No doubt the Medicis truly appreciated art, but Mr Parks is under no illusions about the ultimate purpose of the family’s patronage. It was designed to make Florentines feel so good about the city that they were willing to suppress their Republican instincts, and surrender political power to the Medici. It was brilliantly done. Niccolò Machiavelli praised Cosimo’s ability to mix power with grace. But one of his first acts on becoming leader in 1434 was to change the rules which had curtailed banking operations. Mr Parks is a quick study, and his explanation of bills of exchange and trade finance in 15th century Europe is a model for all economic historians. Consequently, when he says that one of Cosimo’s first actions was to legalise “dry exchange” – a clever banker’s shortcut to escape the church’s strict laws against usury – we understand that the inspiration is self-interested and the motive is profit. Mr Parks, who is sceptical about bankers, writes about them with pace, wit and some passion.

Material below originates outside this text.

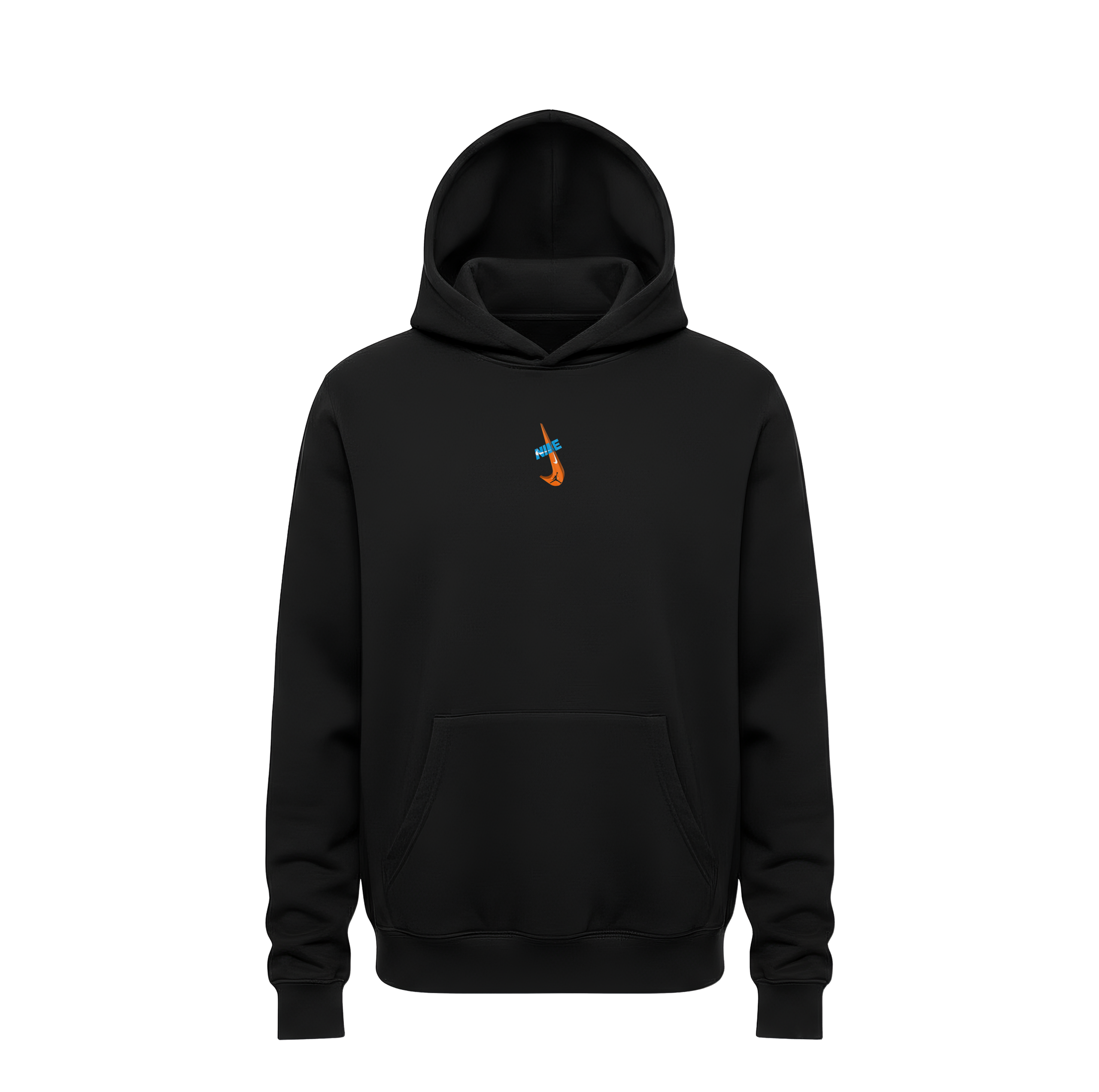 • Deep Black Canvas: The set is centered on a luxury black heavyweight cotton hoodie, providing a professional, high-contrast foundation that allows the electric blue typography and neon orange accents to vibrate with intensity.
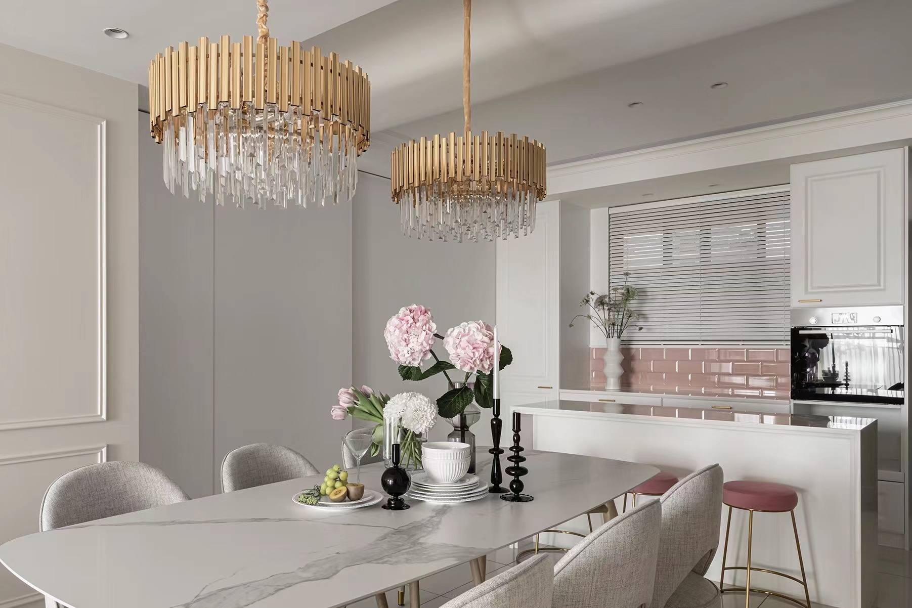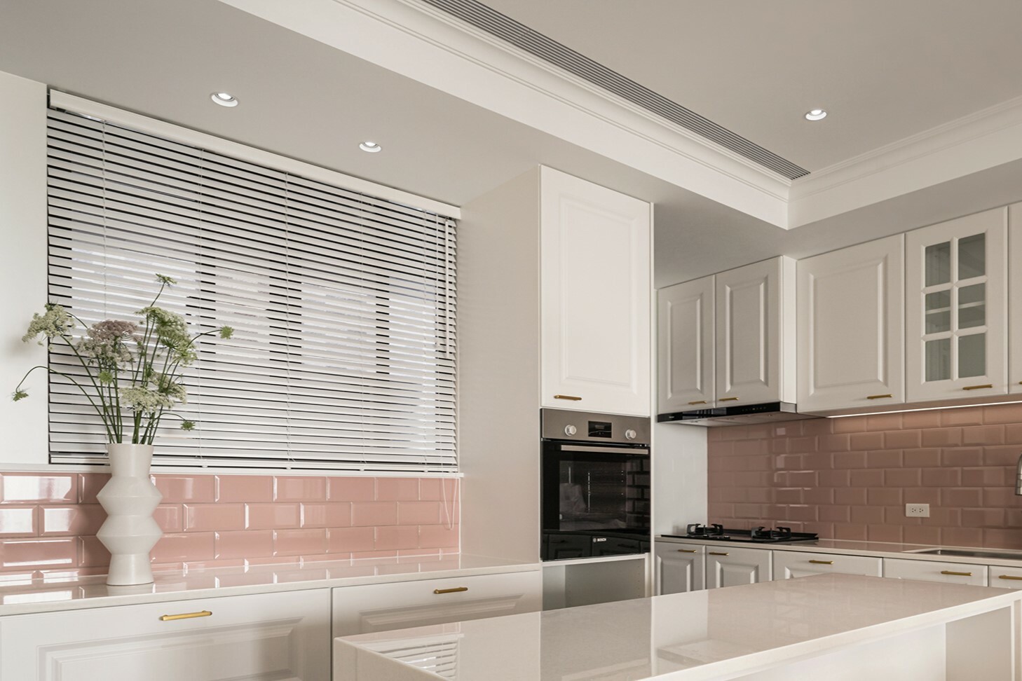 廚房餐廳空間以精緻金屬及粉色微點綴,

The Medici dynasty was not long lived. It began with Cosimo’s father in 1397 and ended in 1494 with the flight of Lorenzo’s son, Piero. Mr Parks asserts that the bank’s attraction to power eventually proved fatal. No banker can be a prudent lender when he is buying influence in court and financing armies, and lending to clients who considered repayment somehow undignified.
By the time Lorenzo was in charge, he was not in control. Non-productive loans, such as those to an English king, Edward IV, by the London branch helped bring down the Medici Bank, just as Edward III’s failure to repay huge Italian loans had destroyed the Bardi and Peruzzi banks in the 1340s.
But the collapse of the Medici bank was not the end of the line. Lorenzo had arranged for his younger son, Giovanni, to enter the priesthood at the age of eight, and had been able to promote the boy’s elevation to cardinal when he was only 13. Giovanni went on to become Pope Leo X and nurtured the family’s fortunes in Rome so well that Lorenzo’s great grandson was able to return to Florence in 1537 as Duke Cosimo I. the second Medici dynasty had nothing to do with banking.